Он приглашающим жестом обвел стол, тем самым предотвратив град вопросов, которые готовы были на него посыпаться: и про странную книгу, и про еще более странного человека на лестнице. Близнецов вдруг обуял такой голод, что по крайней мере несколько минут их внимание было поглощено едой и только едой. Быстро усевшись, они принялись накладывать себе на тарелки горы всякой вкуснятины.

— Мы только что встретили в доме очень странного человека, — все-таки сказала Филиппа, правда, успев набить полный рот. — Весь в белом. Включая тюрбан.

— Это привидение? — спросил Джон.

— Привидение? Нет, в этом доме они не водятся. Было бы слишком нагло с их стороны. Это господин Ракшас. Он индус. Родом из Индии. Он, кстати, сейчас к нам присоединится. Если только вы не напугали его до смерти.

— Мы? Его? — Джон нахмурился. — А нам каково пришлось? Да у нас сердце в пятки ушло!

— Господин Ракшас очень расстроится, если узнает об этом. На самом деле он ужасно робкий стеснительный человек. Мухи не обидит. — Нимрод на миг задумался. — Здесь-то, в Англии, мух не так много, и трогать их особого смысла нет, а вот в более жарких странах мух целые тучи, и обидеть их так и тянет.

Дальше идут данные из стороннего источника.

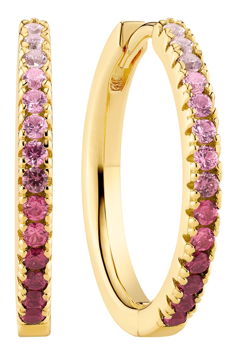 Creolen van zilver doublé geelgoud ingelegd met 14 zirkonia’s.
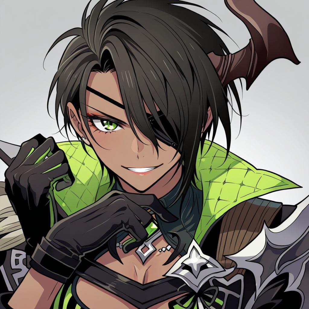 Aragami oga, holostars, 1boy, dark-skinned male, single horn, sharp teeth, green eyes, hair between eyes, hair over one eye, eyepatch, black hair, short hair, black gloves, virtual youtuber, virtual youtuber, by artist meremero, illustrious
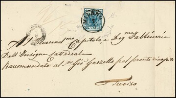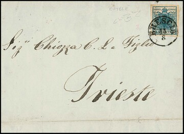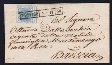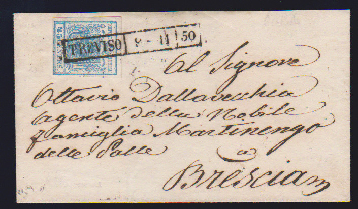 45 C. blau, Handpapier, Kabinettstück auf Brief (Einriß ausserhalb) mit früher Entwertung durch L2 "Padova" vom 3. Juni (1850), sign. Sorani und Diena mit Attest
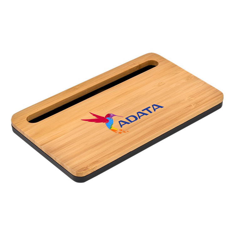 Plaque de charge sans fil mince et légère avec support d'appareil intégré et porte crayon ou stylet.
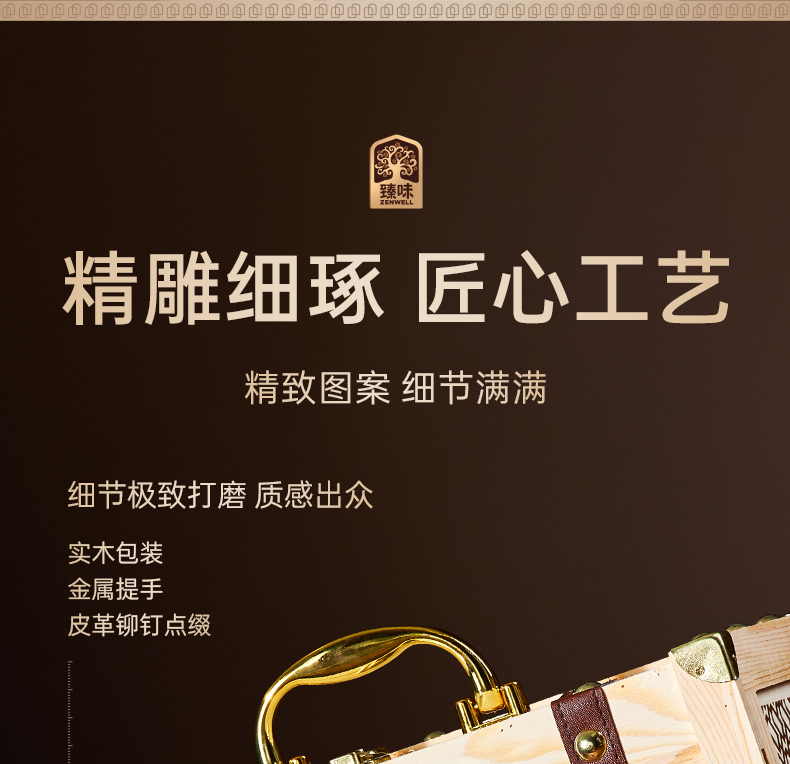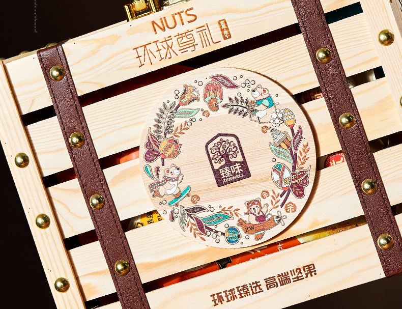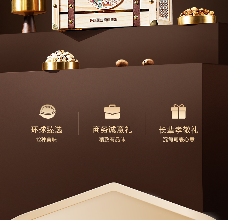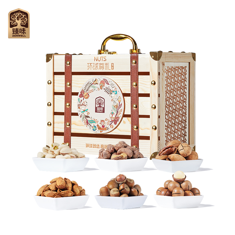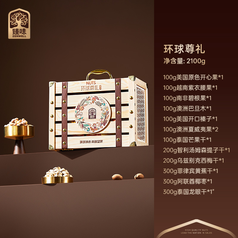 艺术与灵感糅合,铸就非凡杰 作,精致木箱包装,皮革铆钉 点缀,搭配皮质提手,打 造臻味全新环球尊礼坚果礼盒,标志性元素创新呈现,尽显卓 越精工,净含量:2100g,内含6种坚果、 6种果干,木质礼盒,至 上之礼,送礼奢华。
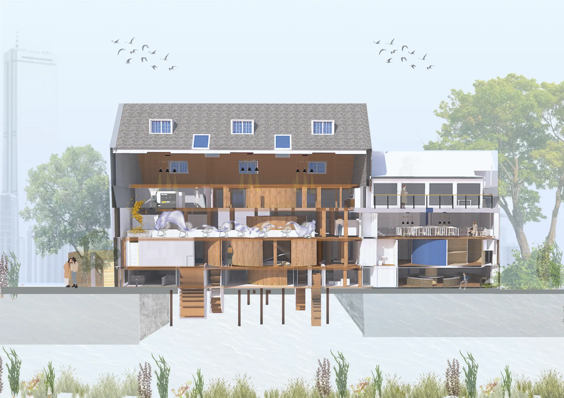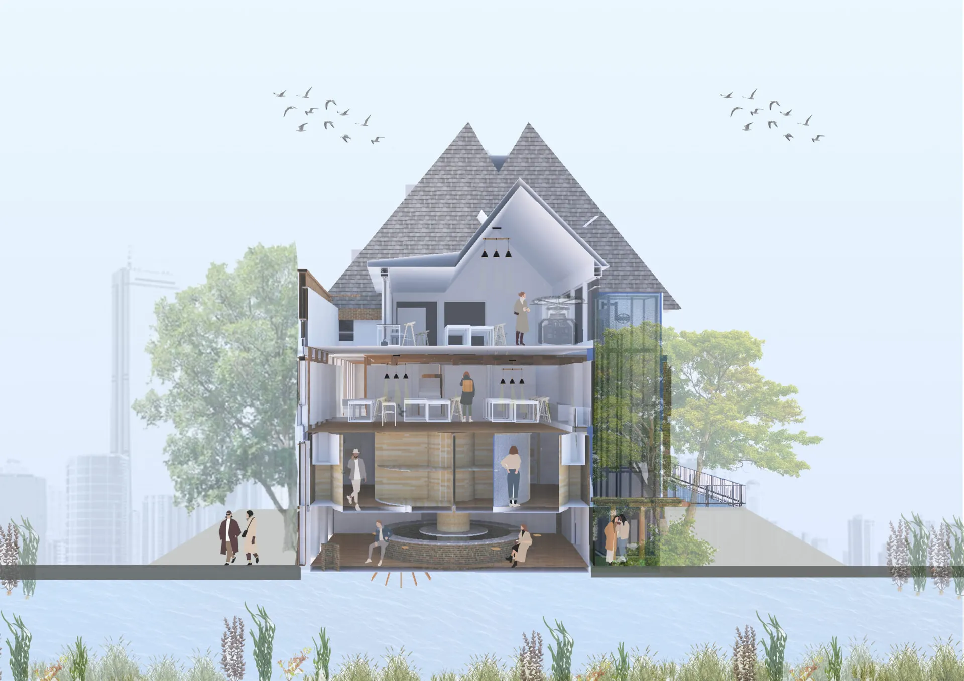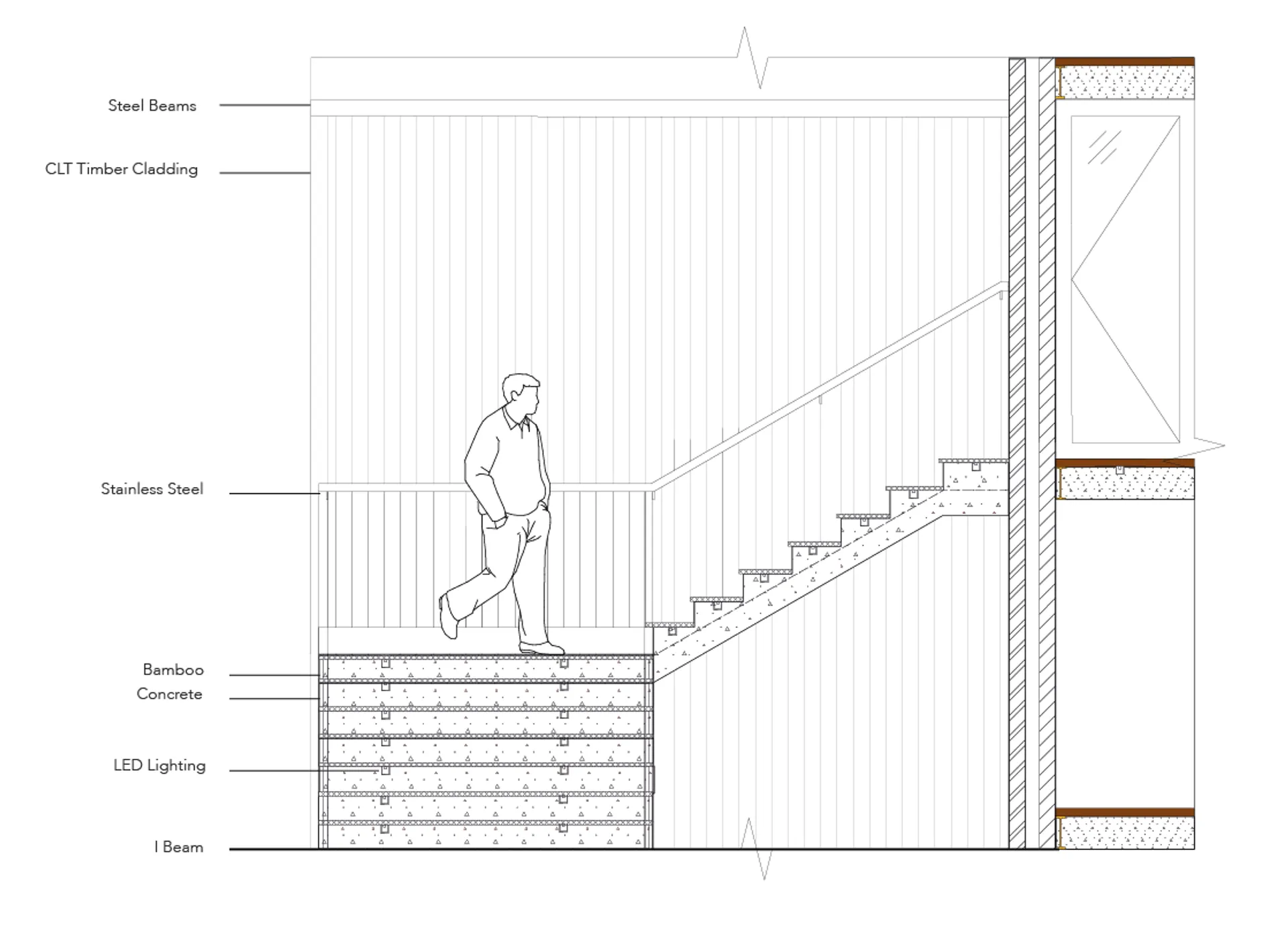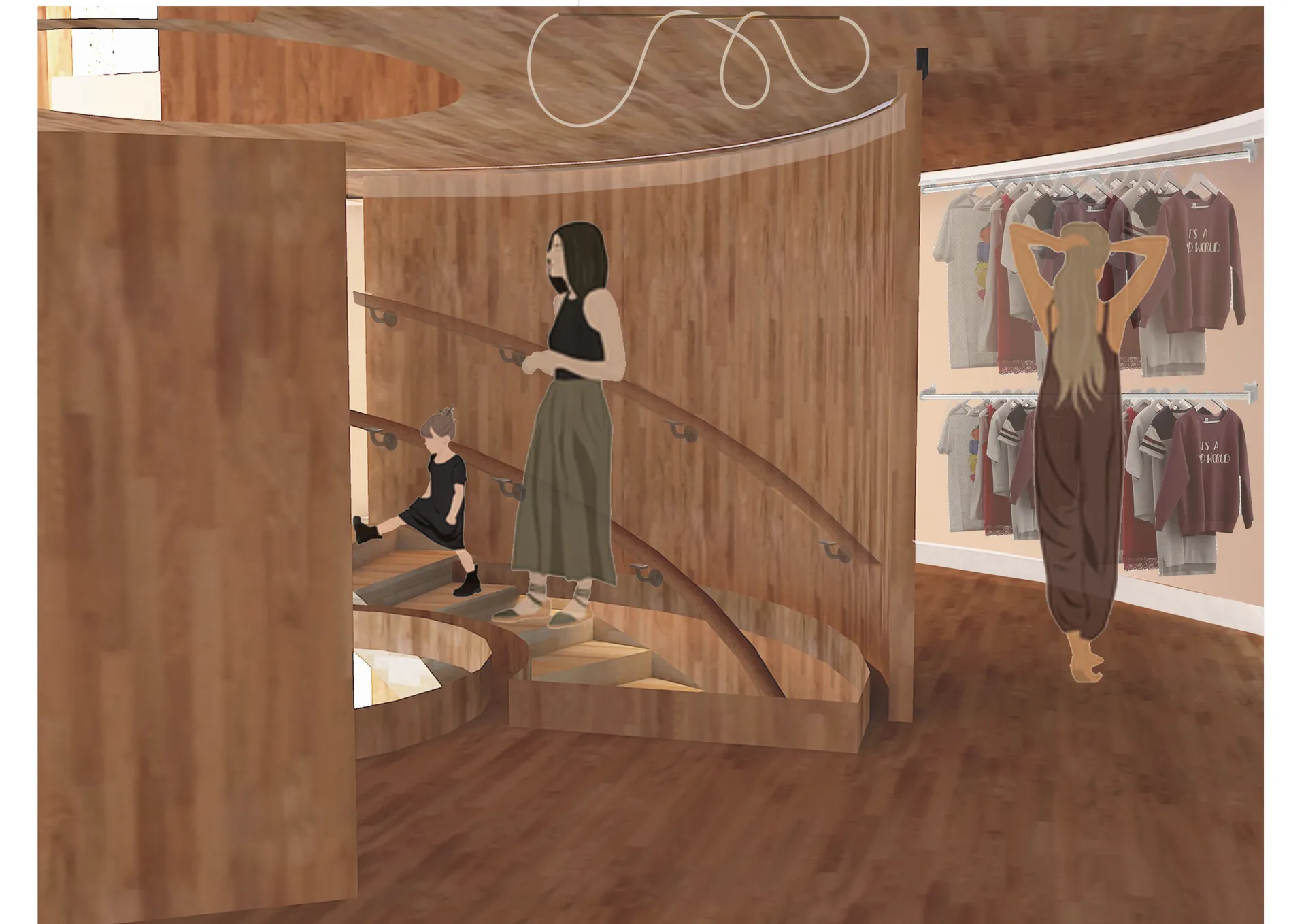 The existing wheels of the Mill will be used to import the plastic from the canal boat (below the building), the plastic will then be collected inside the Mill by workers and sent up to the top floors for processing, via a hoist which will cut through all floors of the Mill and run through the centre of a spiral staircase- which will be one of the main attractions of the space. Visitors will be involved within the process from plastic to fabric, creating an immersive and educational experience. The more plastic waste collected, the more fabric can be created. The garments created by the local and students will displayed throughout the Mill, which will guide the public circulation.
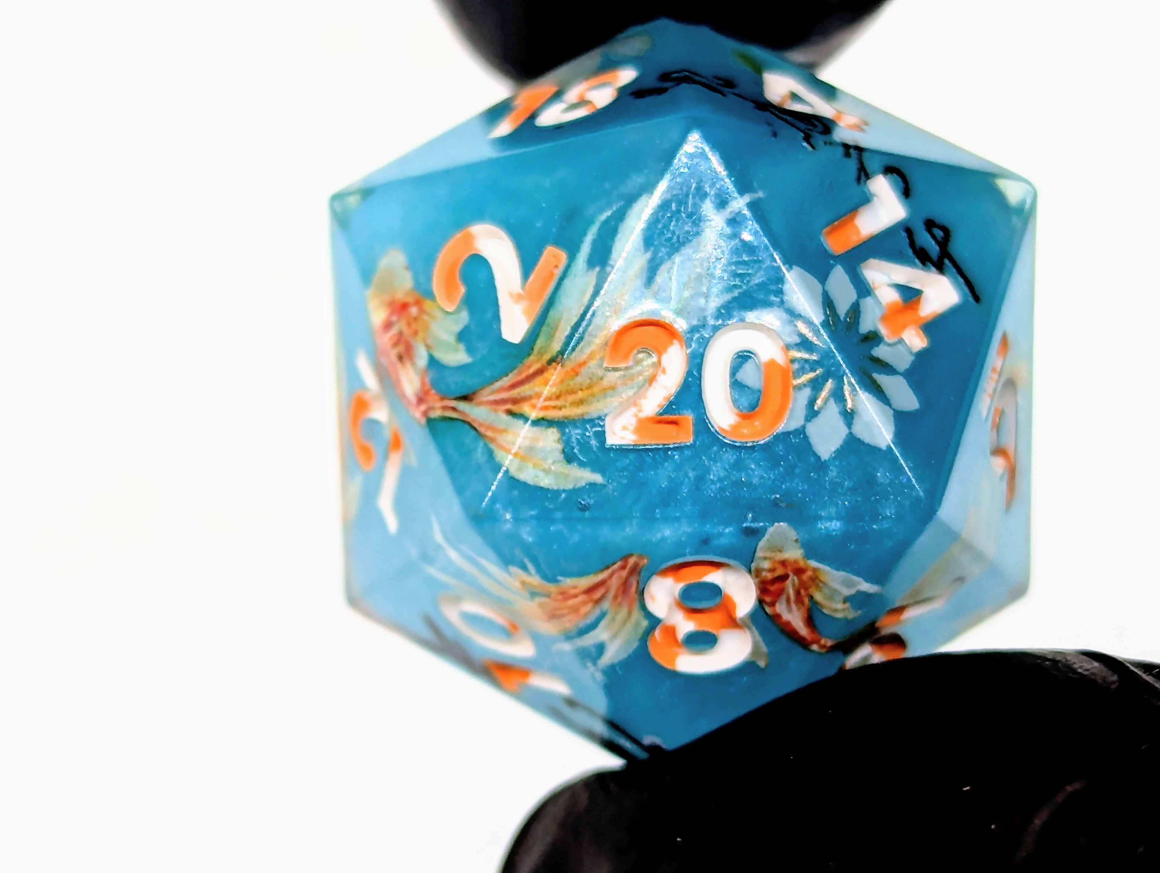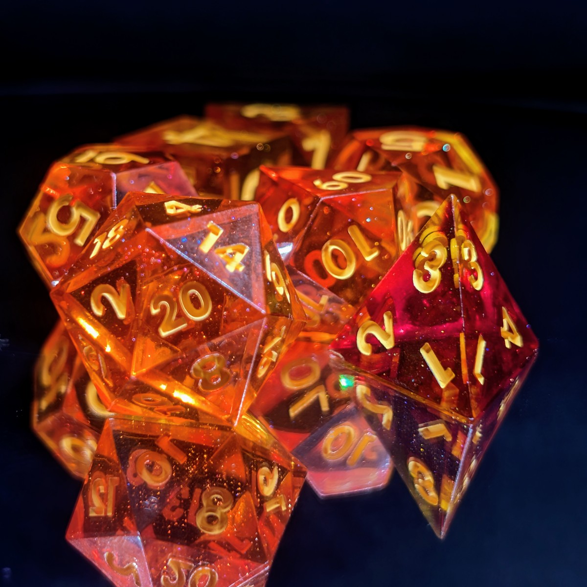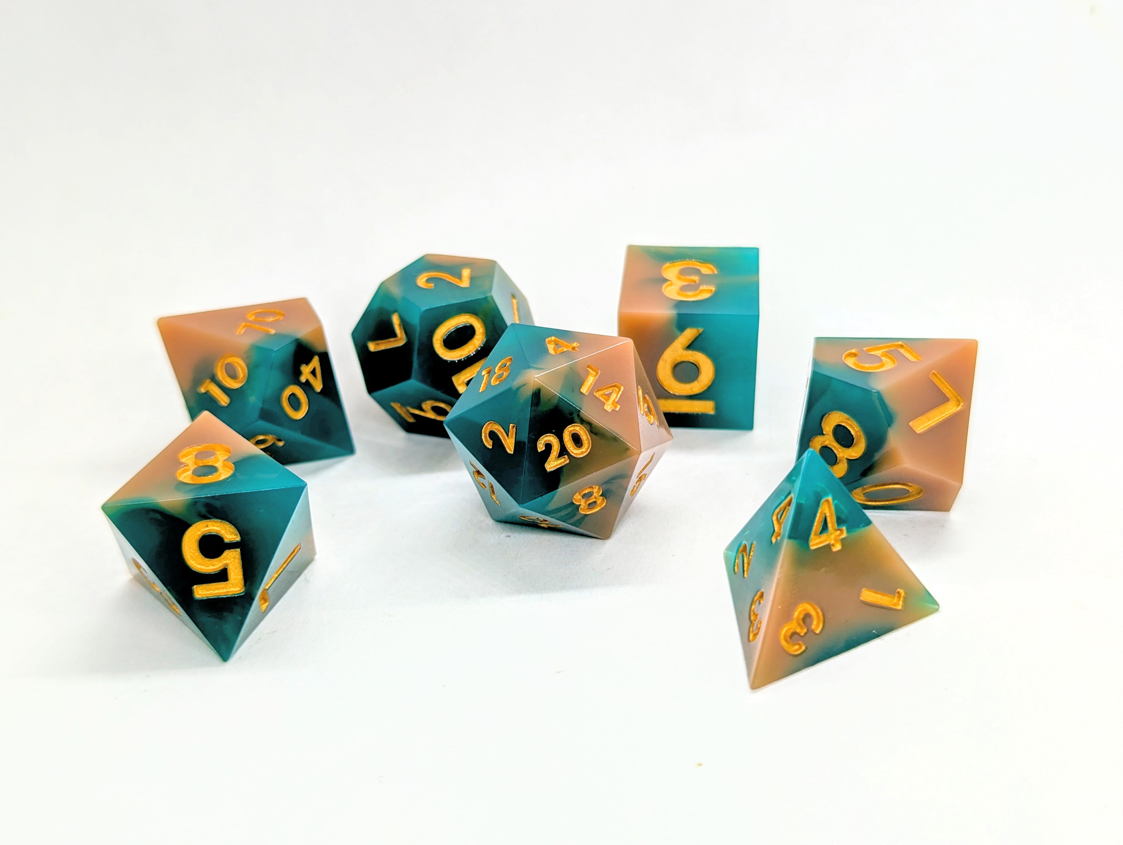 Dados diseñados, vertidos y pintados a mano por nosotros, listos para comprar y usar.
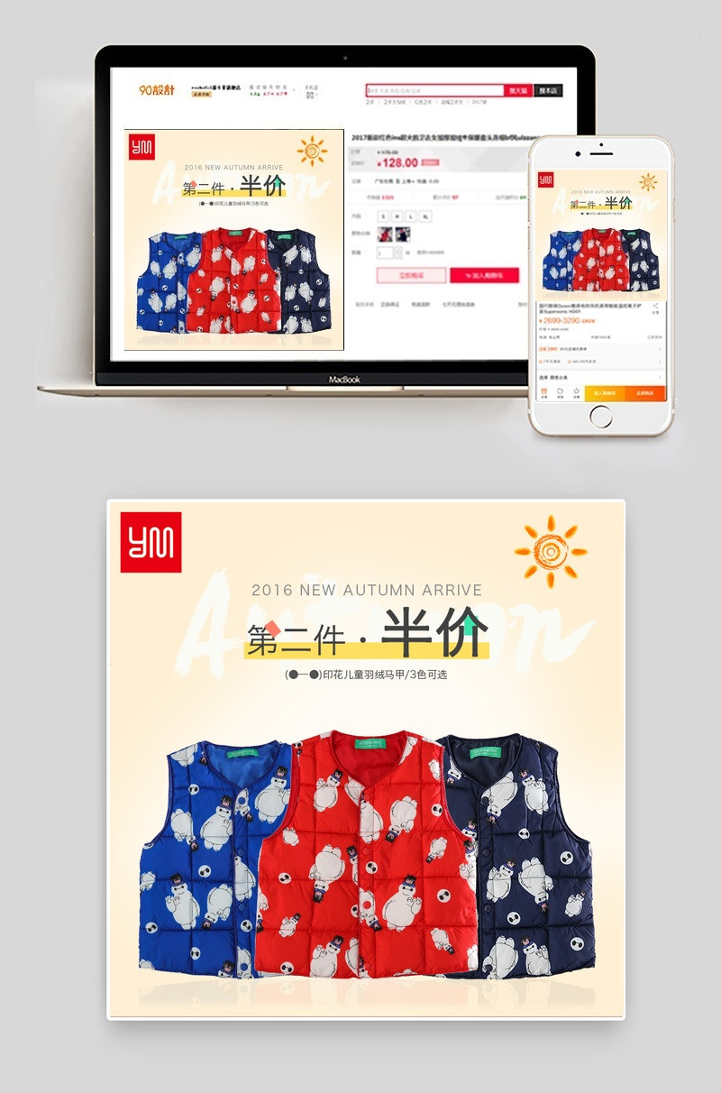 淡黄色简约风童装羽绒马甲主图直通车psd模板

И обижают. Все. Но — не господин Ракшас, тихоня наш.

— Вообще-то Джон несколько преувеличивает, — сказала Филиппа. — Ваш господин Ракшас вовсе не такой страшный. Просто… — она подыскивала точное, с намеком, слово, — просто таинственный.

— Терпение и еще раз терпение, — остановил ее Нимрод. — Я же обещал, что займусь вашим просвещением. Значит, займусь.

Тут в комнату вошел Джалобин. Единственная рука его была поднята вверх, а на ней высился огромный бисквитный торт со взбитыми сливками.

— Но всему свое время, — продолжил Нимрод. — Я вложил столько труда в это произведение кондитерского искусства, точнее, в его украшение…

— Труд, тоже мне, — презрительно фыркнул Джалобин и водрузил торт на стол. — Смех да и только.

— …что, пока вы не воздадите ему должное, мы не можем переходить к следующим пунктам программы. Что ты сказал про труд, Джалобин? Тебе что-то трудно? На что жалуемся?

— Что вы, сэр. Никаких трудностей. Никаких жалоб. Я могу быть свободен?

— Да, можешь идти. — Нимрод подцепил кусок ветчины, положил на свою и без того полную тарелку и обратился к близнецам: — Итак, вы, двое. Едим молча, пока не почувствуем, что наелись до отвала.

Спустя полчаса Нимрод расстегнул красный смокинг, проверил время по золотым часам, налил себе еще бокал бургундского, закурил толстенную сигару и откинулся в скрипучем кресле.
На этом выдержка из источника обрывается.